Many of Zhang’s Chinese fans moved on, but his international fandom was left floundering. A large subset of these fans were people who still shipped Junzhe and believed gossip that the two actors were still in regular communication. Fans read into interviews and social media posts Gong Jun made, seeking evidence that he was sending support to the man they believed he loved.
Meanwhile, in early spring, Zhehan reportedly returned to posting under the pseudonym “Zhang Sanjian.” He made references to his new clothing brand but also began implying that Gong Jun’s marketing team was still capitalizing on the Junzhe ship to boost his career, when Zhang no longer had a career.
This development meant only one thing to international Junzhe shippers: The Zhang Sanjian account had to be fake.
https://www.youtube.com/embed/https://platform.twitter.com/embed/Tweet.html?dnt=false
The most infuriating thing about the Zhang Zhehan conspiracy is how extraordinary it isn’t. Increasingly, fandom is awash with conspiracies like this one. In 2016, a huge subset of the Sherlock fandom was so incensed at the fact that the show didn’t put Watson and Sherlock together in a queer relationship (a ship theory the fans titled “the Johnlock conspiracy” with zero apparent self-awareness) that they decided there must be a different, entirely secret final episode of the show — a wild card that left them angry and upset when the totally anodyne show that premiered the week after the Sherlock finale turned out, in fact, not to be Sherlock.
In Star Wars fandom, the fictitious “J.J. Cut” from director J.J. Abrams doesn’t exist, and no evidence for its existence exists, but fans still created an entire ideology around it. At this very moment, the One Direction fandom is having a meltdown because Liam Payne just shaded Zayn Malik, much to the chagrin of “Ziam” shippers who’ve spent years building elaborate rabbit-hole arguments that the two were in a secret closeted relationship. And let’s not get started on the fan narratives and magical thinking around the Depp-Heard trial.

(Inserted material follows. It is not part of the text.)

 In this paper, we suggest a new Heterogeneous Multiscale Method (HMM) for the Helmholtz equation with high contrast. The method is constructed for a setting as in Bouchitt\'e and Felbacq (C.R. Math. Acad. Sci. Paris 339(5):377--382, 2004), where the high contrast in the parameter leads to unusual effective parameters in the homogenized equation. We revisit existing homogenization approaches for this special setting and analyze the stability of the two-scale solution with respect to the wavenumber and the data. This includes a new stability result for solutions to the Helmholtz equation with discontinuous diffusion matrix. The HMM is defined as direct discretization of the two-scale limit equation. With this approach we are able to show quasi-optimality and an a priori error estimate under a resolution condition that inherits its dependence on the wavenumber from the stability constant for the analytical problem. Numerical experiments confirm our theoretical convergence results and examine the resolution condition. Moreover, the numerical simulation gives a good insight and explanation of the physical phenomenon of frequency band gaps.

Yes, of course, people lie, and of course rare real-life conspiracies do occur; but at some point, it becomes irrational and irresponsible to prioritize a fandom belief — or any conspiratorial belief — to the point that you are continually distorting reality. In this case, there’s no logical reason to believe Zhang Zhehan was lying when he asked shippers to move on and stop harassing his family and friends. Now, a fandom that spent months uniting to support him after a huge personal setback has now become fully committed to dehumanizing him — to insisting he literally isn’t real — all in the name of “supporting” a nonexistent relationship.
Watching all this go down, a friend of mine mused that perhaps this was the real dystopian impact of deepfakes — not that the deepfakes themselves would distort reality, but that their mere existence now allows people an excuse to distort reality all by themselves.
That seems instinctually true to me. This isn’t just happening in fandom; it’s happening across the internet. While conspiracy theories like QAnon get all the attention, it’s conspiracy theories like Johnlock and Zhang Zhehan that keep me up at night because they are paths to radicalizing good-hearted fans, conditioning them to see the world primarily as fantasy, as a high-stakes battle between good and evil. It doesn’t help that decades of internet culture have taught people to be deeply analytical but haven’t taught them how to think critically and rationally about what they’re doing.
I don’t know how to tell you your fave is not a deepfake. I don’t know how to tell you that when you’ve given up this much of yourself to a bottomless well of belief, it’s your responsibility — to yourself and to the world — to drag yourself out and move on.